Throughout the novel, Atticus puts into action the right values that Scout can usually only feel and think about. But there are also times when Atticus holds back from a fight. He tries to be nice to his sister Alexandra for the sake of family unity, for example, and he won't allow Scout and Jem to fight even when the other children call them names. Unlike Scout, who sees right and wrong in very simple, straightforward terms, Atticus understands that there are times when it is important to be able to compromise. -

12. It is the children in the novel who always seem to have the clearest awareness of the line between justice and injustice. The adults, on the other hand, are frequently blinded by side issues. At the time of Tom Robinson's trial, almost everyone is concerned with something other than Tom's fate. The jurors do not want to go against public opinion and the accepted social system. The prosecutor is only doing his job. The Ewells are desperately trying to salvage their self respect, even if it means hurting someone else in the process. No one, not even Bob Ewell, has anything against Tom personally- yet everyone has some excuse for doing him an injustice.

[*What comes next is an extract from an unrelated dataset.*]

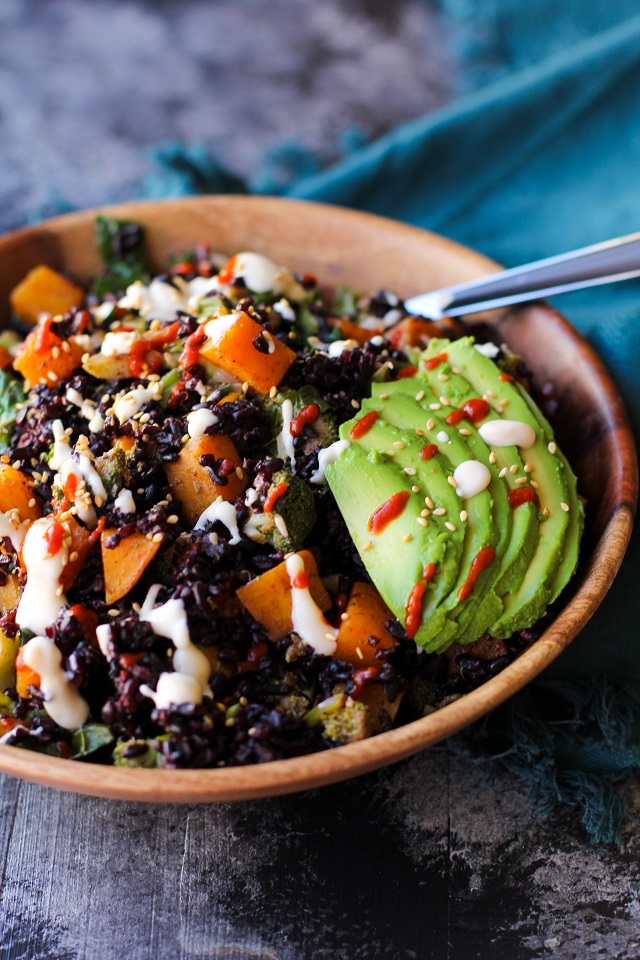 Sirva con rodajas de aguacate, semillas de sésamo, crema de marañón y sriracha.

It is interesting to compare the events of the trial with the story of Boo Radley. In the latter case, it is the adults who condemn the children for unthinking cruelty in teasing Boo and making him the butt of their games. To a certain extent, the adults are right. But at least the children have enough sense to see that there is something very wrong with the way Boo Radley stays shut up inside his house day after day and year after year. Once again, the adults are so busy minding their own business and worrying about propriety that they have closed their eyes to a tragic wrong. What's more, Boo Radley, who is childlike in his own view of the world, understands that the children's interest is basically well meaning and does his best to communicate with them.

You may be able to think of still other times during the course of the novel when children or adult eccentrics seem to be wiser about justice than the supposedly responsible adults who can see so many sides to every question that they overlook the basic issue of right and wrong. -

13. In the early chapters of the novel Scout and her brother are fascinated by Dill's tales of "haints" and supernatural happenings. They are even thrilled and impressed that he has actually seen the movie version of Dracula. Dill's tales motivate them to make up their own superstitions about Boo Radley- and they dare each other to so much as touch the outside of the Radley house, as if to do so might bring on some terrible fate.

By the end of the novel, however, this childlike fascination with superstition has been replaced with a knowledge of the everyday evil of the adult world. In the final chapters, we learn that the grownups of Maycomb have even taken over organizing the children's Halloween celebrations. Having decided that the young people's pranks have gotten out of hand the adults organize a pageant that is dull and stupid. The magic has gone out of the holiday. But the threat of evil is more present than ever before, in the form of Bob Ewell who stalks and tries to kill Scout and Jem on their way home from the pageant.

In the final chapter of the story, Scout asks her father to read to her from "The Gray Ghost", a book she had always found too frightening in the past. Superstitions and scary stories have lost their power to terrorize Scout now that she has come face to face with the terrors that real life holds in store. -

14. The title is first explained in Chapter 10 of the story when Atticus warns Scout and Jem that it is a sin to kill a mockingbird. Miss Maudie explains that this is because the mockingbird is a harmless creature who does nothing but entertain us with its song.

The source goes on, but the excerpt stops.